BEGIN GIVEN RECORDS
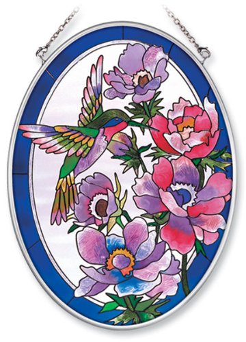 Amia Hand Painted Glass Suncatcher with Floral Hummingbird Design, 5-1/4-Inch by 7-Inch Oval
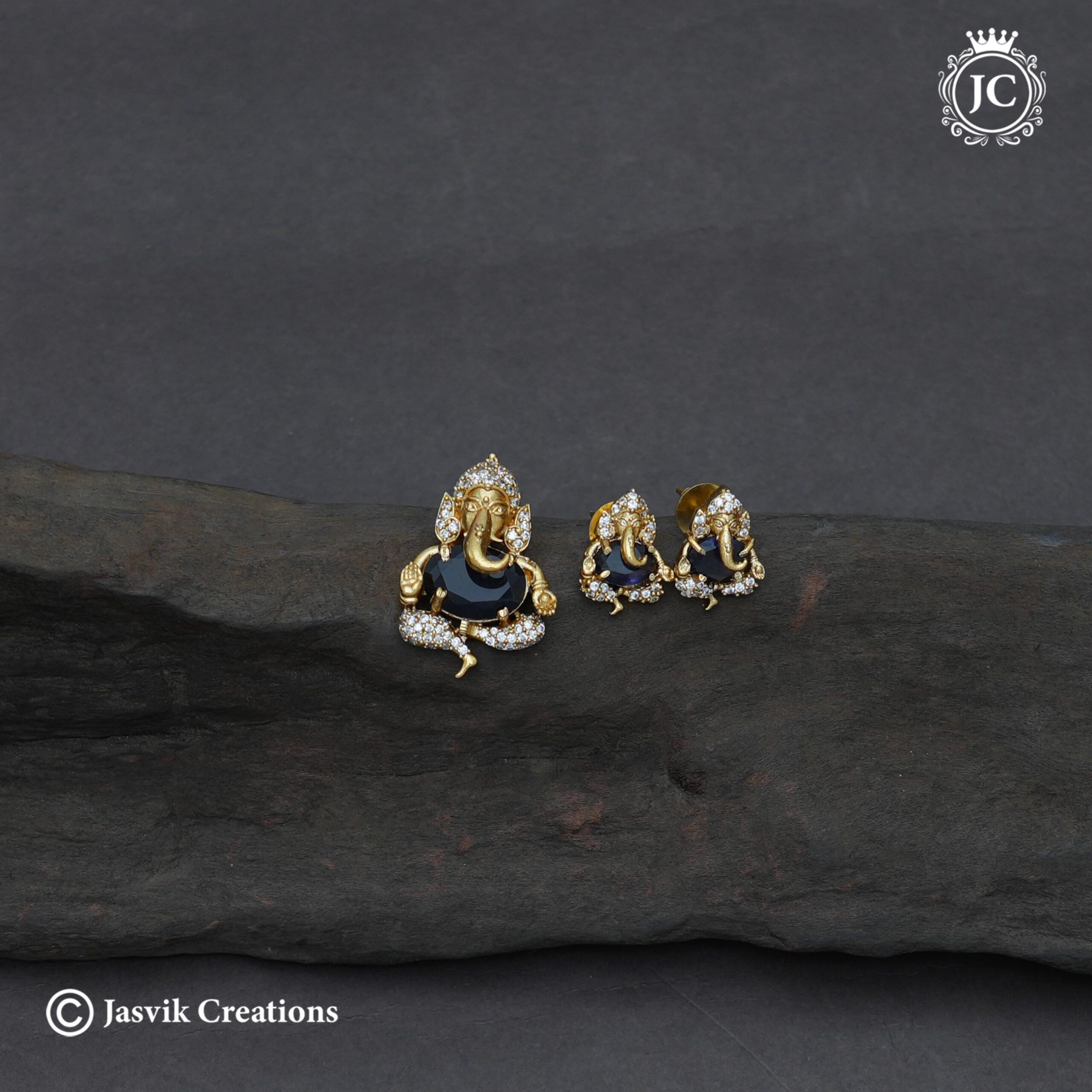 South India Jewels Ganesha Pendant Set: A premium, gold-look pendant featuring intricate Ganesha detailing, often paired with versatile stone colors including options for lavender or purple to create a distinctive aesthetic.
END GIVEN RECORDS
BEGIN GIVEN RECORDS
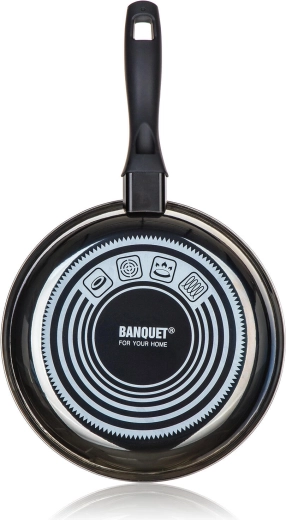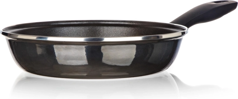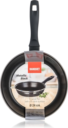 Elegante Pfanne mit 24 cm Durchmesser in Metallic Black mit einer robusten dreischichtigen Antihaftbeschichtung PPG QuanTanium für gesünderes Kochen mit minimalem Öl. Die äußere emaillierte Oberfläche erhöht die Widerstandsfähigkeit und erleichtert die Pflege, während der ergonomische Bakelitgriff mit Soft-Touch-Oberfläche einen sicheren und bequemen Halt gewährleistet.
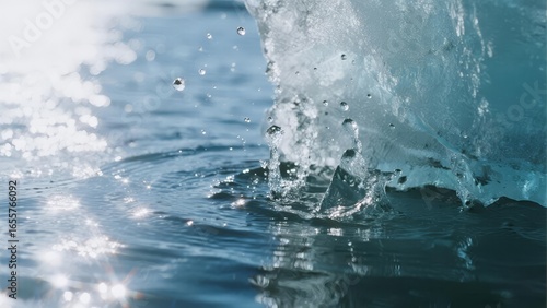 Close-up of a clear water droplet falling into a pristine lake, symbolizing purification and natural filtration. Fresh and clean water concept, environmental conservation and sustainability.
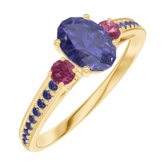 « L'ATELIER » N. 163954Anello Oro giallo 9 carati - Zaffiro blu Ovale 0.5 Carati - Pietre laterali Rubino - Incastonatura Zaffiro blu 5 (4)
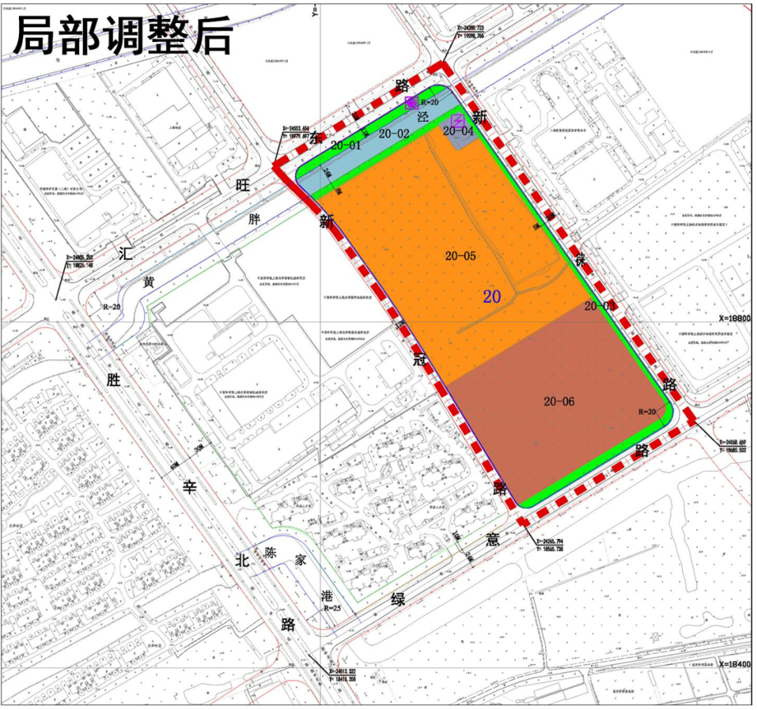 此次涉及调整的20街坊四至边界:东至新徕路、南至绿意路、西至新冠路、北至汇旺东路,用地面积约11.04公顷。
END GIVEN RECORDS
WHAT THE TASK ASKS
Although pictures appear among the records above, none are to be output; print exactly the lines from the line containing "Amia Hand Painted" through the line containing "South India Jewels".

WRITTEN REPLY
 Amia Hand Painted Glass Suncatcher with Floral Hummingbird Design, 5-1/4-Inch by 7-Inch Oval
 South India Jewels Ganesha Pendant Set: A premium, gold-look pendant featuring intricate Ganesha detailing, often paired with versatile stone colors including options for lavender or purple to create a distinctive aesthetic.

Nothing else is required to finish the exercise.